Когда я вошла в гостиную, тетка, прикрывая трубку рукой, в недоумении покачала головой: «Не знаю. Представились Домото, но голос женский».

Я сразу поняла, что это звонила Сэцуко, и взяла у тетки трубку. Когда-то я давала Сэцуко этот номер телефона, но воспользовалась она им впервые. Приложив трубку к уху, я почувствовала легкий запах камфары, исходивший от теткиного кимоно. Почему-то этот запах показался мне очень неприятным, как будто он таил в себе какое-то дурное предзнаменование.

— Але? Кёко-тян? — начала говорить Сэцуко. Ее голос был невероятно мрачным и подавленным. Я рассматривала мандарины, лежавшие на котацу. Мандарины были сложены горкой в плетеной корзинке. Пробивающиеся через окно лучи полуденного зимнего солнца окрашивали их полосатым узором.

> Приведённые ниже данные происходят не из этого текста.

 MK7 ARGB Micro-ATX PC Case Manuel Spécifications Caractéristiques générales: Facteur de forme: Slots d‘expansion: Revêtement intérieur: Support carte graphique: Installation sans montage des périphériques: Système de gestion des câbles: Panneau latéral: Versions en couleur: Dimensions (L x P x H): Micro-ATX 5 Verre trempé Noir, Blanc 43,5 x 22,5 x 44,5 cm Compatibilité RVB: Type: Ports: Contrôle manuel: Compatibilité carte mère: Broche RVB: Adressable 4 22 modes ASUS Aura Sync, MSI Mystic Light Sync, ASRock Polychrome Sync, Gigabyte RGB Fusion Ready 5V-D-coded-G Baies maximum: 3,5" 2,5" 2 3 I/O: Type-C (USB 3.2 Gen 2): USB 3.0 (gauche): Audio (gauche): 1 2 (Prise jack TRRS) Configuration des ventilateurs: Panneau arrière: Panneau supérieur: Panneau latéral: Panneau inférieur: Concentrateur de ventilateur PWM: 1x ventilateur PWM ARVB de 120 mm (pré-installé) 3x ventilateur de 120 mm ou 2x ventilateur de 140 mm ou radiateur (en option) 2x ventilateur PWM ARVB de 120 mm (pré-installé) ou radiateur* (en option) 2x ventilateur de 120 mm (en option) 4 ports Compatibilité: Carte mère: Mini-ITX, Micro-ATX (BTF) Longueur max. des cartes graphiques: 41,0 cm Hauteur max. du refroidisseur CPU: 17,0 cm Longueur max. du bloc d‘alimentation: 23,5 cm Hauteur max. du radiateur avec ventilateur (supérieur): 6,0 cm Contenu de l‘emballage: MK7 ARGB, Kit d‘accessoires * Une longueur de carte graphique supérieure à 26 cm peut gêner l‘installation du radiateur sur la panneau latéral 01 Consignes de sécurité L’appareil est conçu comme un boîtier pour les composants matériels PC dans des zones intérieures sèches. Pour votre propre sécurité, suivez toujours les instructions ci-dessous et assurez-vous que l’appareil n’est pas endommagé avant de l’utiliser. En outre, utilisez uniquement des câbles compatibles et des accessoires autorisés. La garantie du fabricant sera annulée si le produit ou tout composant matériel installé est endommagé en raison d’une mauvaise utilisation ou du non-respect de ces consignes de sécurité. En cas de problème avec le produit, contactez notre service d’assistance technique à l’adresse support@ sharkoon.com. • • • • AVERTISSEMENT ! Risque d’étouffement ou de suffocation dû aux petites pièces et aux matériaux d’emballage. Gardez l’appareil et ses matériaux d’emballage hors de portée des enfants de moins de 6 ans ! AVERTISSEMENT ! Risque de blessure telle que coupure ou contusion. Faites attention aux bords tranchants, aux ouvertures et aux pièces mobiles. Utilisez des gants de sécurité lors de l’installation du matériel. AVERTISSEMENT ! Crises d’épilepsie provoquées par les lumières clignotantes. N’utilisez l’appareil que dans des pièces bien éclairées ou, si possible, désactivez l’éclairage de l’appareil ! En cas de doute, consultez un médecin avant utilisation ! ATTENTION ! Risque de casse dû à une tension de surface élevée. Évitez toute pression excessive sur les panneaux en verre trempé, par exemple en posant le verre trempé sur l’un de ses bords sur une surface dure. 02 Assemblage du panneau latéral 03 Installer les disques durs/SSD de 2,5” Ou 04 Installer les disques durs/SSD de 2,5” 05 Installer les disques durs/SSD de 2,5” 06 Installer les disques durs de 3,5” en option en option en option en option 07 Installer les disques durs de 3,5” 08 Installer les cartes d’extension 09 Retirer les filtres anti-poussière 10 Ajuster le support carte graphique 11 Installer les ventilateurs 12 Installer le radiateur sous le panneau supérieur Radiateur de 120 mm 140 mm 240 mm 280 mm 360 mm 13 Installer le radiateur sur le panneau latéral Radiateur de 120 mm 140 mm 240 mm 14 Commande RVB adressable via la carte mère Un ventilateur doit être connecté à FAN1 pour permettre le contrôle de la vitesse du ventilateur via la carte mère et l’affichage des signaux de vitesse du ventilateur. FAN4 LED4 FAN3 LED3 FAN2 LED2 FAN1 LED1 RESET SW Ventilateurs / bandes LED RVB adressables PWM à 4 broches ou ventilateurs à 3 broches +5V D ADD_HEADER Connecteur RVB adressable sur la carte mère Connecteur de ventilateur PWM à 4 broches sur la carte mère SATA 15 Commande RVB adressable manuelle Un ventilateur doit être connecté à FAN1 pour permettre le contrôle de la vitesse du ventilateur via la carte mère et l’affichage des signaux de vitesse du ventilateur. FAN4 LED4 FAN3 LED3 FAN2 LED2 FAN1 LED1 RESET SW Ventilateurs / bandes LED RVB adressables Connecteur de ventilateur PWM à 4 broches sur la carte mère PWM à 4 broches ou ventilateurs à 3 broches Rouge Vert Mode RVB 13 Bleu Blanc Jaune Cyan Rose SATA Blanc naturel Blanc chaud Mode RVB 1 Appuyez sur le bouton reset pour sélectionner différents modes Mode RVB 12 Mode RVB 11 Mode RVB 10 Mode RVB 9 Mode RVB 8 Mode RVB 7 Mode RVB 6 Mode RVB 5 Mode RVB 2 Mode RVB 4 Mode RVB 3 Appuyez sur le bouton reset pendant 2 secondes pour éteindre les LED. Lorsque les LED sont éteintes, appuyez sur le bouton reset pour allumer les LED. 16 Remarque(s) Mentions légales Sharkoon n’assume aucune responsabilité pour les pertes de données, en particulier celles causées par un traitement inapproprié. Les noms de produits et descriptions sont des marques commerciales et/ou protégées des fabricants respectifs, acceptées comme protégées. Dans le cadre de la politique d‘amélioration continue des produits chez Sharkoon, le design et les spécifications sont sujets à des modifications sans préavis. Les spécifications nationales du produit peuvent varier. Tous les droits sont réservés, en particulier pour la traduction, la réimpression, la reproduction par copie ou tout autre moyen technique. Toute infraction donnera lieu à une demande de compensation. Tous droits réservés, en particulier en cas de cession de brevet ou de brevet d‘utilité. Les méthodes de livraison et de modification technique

— Мне только что звонили из полиции, — сказала Сэцуко и, понизив голос, продолжила: — Они сказали, что Такамия-сан… Эма-тян… Ее убили.

Полоски света на мандаринах поползли в разные стороны. Не владея собой, я выкрикнула что-то бессвязное. Тут же ко мне подбежала испуганная тетка. «Эму убили! Эму убили!» — словно безумная, кричала я.

Что было дальше я не помню.

Мои свидетельские показания ничем не отличались от теткиных. В тот день, когда Эма была убита… вечером четырнадцатого декабря, я, тетка и Ватару вместе поужинали и ровно до девяти часов втроем находились в теткином доме в четвертом северном квартале. Потом мы с теткой вышли в прихожую проводить Ватару. Я помню, как он сказал: «Спасибо за угощение», — и поинтересовался, во сколько пойдет следующий автобус, на что мы с теткой почти хором ответили: «Должен быть в девять часов десять минут».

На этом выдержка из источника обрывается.